Voting in Maryland — and in the Towson area — continued at a brisk pace on Tuesday afternoon, as residents turned out to cast their votes for president, Congress and a host of ballot questions and bond measures.

Though voters could walk right in and vote around 2 p.m. at Pleasant Plains Elementary, Chief Judge Jacques Amos said more than half of the precinct's 900 voters had already cast ballots, a number that doesn't include those who voted early.

With early voters added into the equation, Amos estimated the precinct had seen between 60 to 70 percent turnout.

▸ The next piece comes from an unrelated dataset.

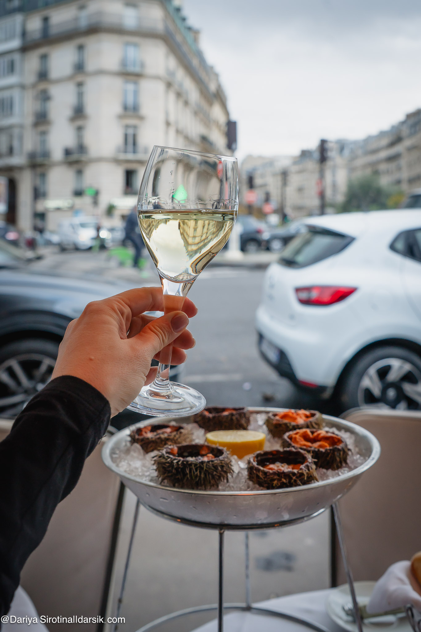 Шестнадцатый округ я знаю плохо — здесь, в окружении роскошных особняков, посольств и самой дорогой в Париже недвижимости делать туристу в целом нечего, если только он не идет пешком из фонда Louis Vuitton в музей Мармоттан-Моне. Так и мы шли с мужем как-то, время было уже обеденное, впечатления от выставки Шарлотты Периан надо было чем-то запить. И тут на выходе буквально со станции метро я увидела бистро, которое оказалось парижской институцией, местом заседания Алена Делона, телевизионщиков, женщин с шанелями, мужчин с сигарами. Это был чудесный декабрьский ланч на террасе — вино, устрицы, морские ежи, хрустящий хлеб, соленое масло и много, очень много наблюдения за людьми, которые имеют деньги, но не имеют желания произвести впечатление. Помните, Николя Саркози в тюрьме сидел целых пару недель и успел там книгу написать? Обмывал он вновь обретенную свободу тут, а не в вечном Le Fouquet на Елисейских полях.

"We aren't even at the dinner rush," he said. "We're probably going to have a record turnout ... and it's the ballot questions that are driving this."

In the morning, lines grew quickly at Towson's polling places, but election officials reported little confusion and even less problems as the pre-lunch rush began.

"It hasn't let up since we opened the doors," said Francis MacDougall, an election judge at Dumbarton Middle School.

MacDougall was supervising voting near the Dumbarton gym, which is serving as a temporary polling place for Stoneleigh residents while Stoneleigh Elementary is under a construction project.

Gina Young, 33, said she waited with her other displaced Stoneleigh voters at the Dumbarton gym for more than 90 minutes, but she figured the line would be worse in the evening.

Both MacDougall and Ed Matricardi, his contemporary at Towson High School — the other temporary voting location for Stoneleigh residents — reported about that just a handful of people tried to vote at the wrong location, but no more than in previous years.

Matricardi said wait times reached an hour at the high school earlier this morning, though it was down to 15 minutes around 11 a.m.

Chief Judge Pat Jakelski, who was overseeing polling for voters who normally vote at Towson High, reported no problems with voting machines, but said turnout was heavier than usual.

Brenda Bechdel, 48, commiserated with neighbors who were waiting in the growing late-morning line, but said she waited just 15 to 20 minutes to cast her ballot.

"We've never seen lines like this," she said. "And it's not that they're not being efficient. I just think more people care this year."

Colin Stine, 57 of Idlewylde, let out a sigh of relief after casting his ballot at Dumbarton.

Despite the lines, he said he votes every election and had strong feelings about several of the candidates.

"This is a huge turnout," Stine said. "The line was this long at 7 o'clock, and it's still going."

Meanwhile, voters leaving Ridge Ruxton School around 12:30 said they waited around 40 minutes. Chief Judge Bonita Pinkney said those were among the location's longest waits of the day.

"Turnout has been great," Pinkney said. "We're getting over 100 voters per hour."